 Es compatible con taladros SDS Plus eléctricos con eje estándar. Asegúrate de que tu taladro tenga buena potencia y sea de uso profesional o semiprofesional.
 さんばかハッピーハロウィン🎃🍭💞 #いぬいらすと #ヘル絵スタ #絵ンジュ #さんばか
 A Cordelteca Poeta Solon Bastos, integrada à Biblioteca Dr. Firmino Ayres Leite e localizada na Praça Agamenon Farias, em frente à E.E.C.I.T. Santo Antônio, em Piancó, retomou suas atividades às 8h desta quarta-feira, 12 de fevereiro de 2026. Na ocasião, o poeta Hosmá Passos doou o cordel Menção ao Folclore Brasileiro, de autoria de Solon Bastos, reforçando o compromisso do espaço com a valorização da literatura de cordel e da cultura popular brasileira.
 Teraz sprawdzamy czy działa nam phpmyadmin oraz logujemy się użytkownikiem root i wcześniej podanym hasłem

◇ ◇ ◇ ◇

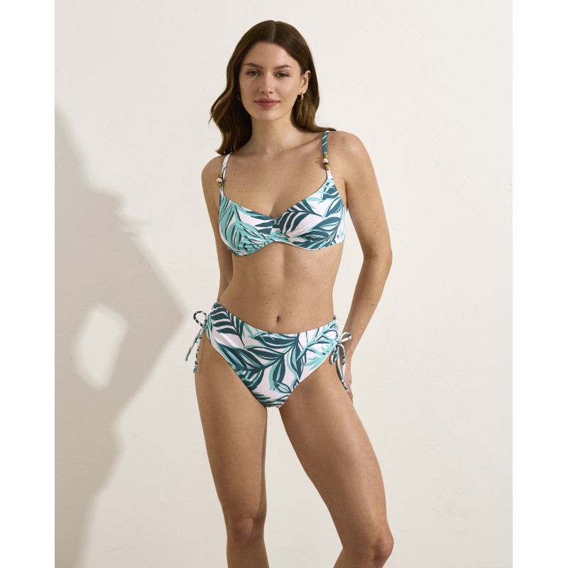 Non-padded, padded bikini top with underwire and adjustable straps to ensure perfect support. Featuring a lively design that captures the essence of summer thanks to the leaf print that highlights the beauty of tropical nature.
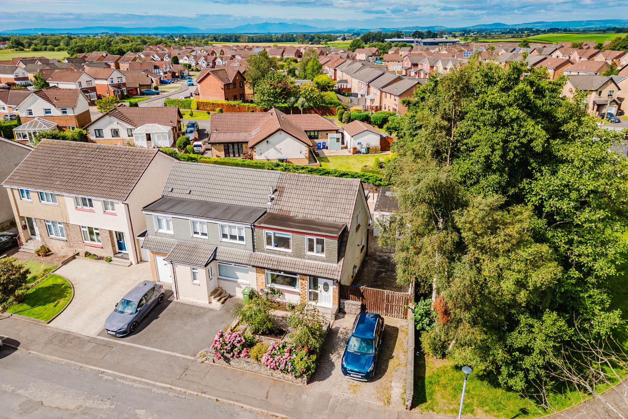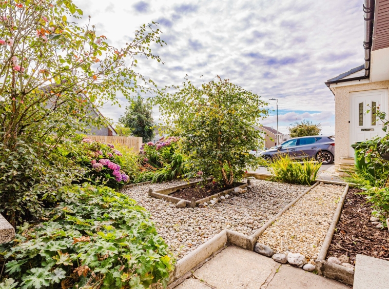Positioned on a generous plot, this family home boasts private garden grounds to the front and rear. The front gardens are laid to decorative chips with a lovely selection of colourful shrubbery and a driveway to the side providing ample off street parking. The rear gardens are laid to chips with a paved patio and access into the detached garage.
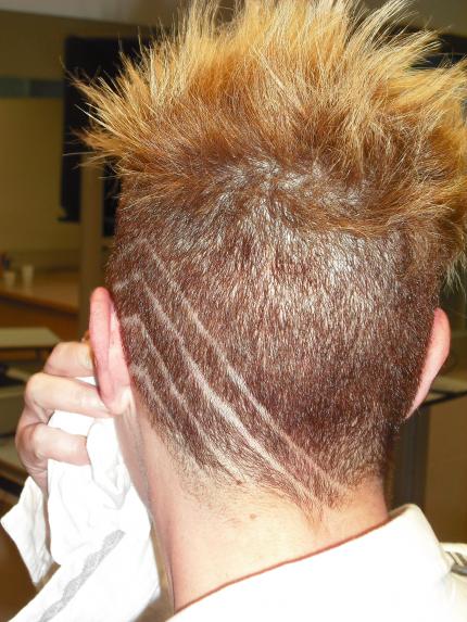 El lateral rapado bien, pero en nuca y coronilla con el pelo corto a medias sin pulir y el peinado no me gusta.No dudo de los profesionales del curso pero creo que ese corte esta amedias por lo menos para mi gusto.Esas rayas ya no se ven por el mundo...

◇ ◇ ◇ ◇

• _ACTION ITEM_
Your task is to restate, word for word, only those lines above that fall between the line holding "Es compatible con" and the line holding "Teraz sprawdzamy czy", inclusive.

• _TASK OUTPUT_
 Es compatible con taladros SDS Plus eléctricos con eje estándar. Asegúrate de que tu taladro tenga buena potencia y sea de uso profesional o semiprofesional.
 さんばかハッピーハロウィン🎃🍭💞 #いぬいらすと #ヘル絵スタ #絵ンジュ #さんばか
 A Cordelteca Poeta Solon Bastos, integrada à Biblioteca Dr. Firmino Ayres Leite e localizada na Praça Agamenon Farias, em frente à E.E.C.I.T. Santo Antônio, em Piancó, retomou suas atividades às 8h desta quarta-feira, 12 de fevereiro de 2026. Na ocasião, o poeta Hosmá Passos doou o cordel Menção ao Folclore Brasileiro, de autoria de Solon Bastos, reforçando o compromisso do espaço com a valorização da literatura de cordel e da cultura popular brasileira.
 Teraz sprawdzamy czy działa nam phpmyadmin oraz logujemy się użytkownikiem root i wcześniej podanym hasłem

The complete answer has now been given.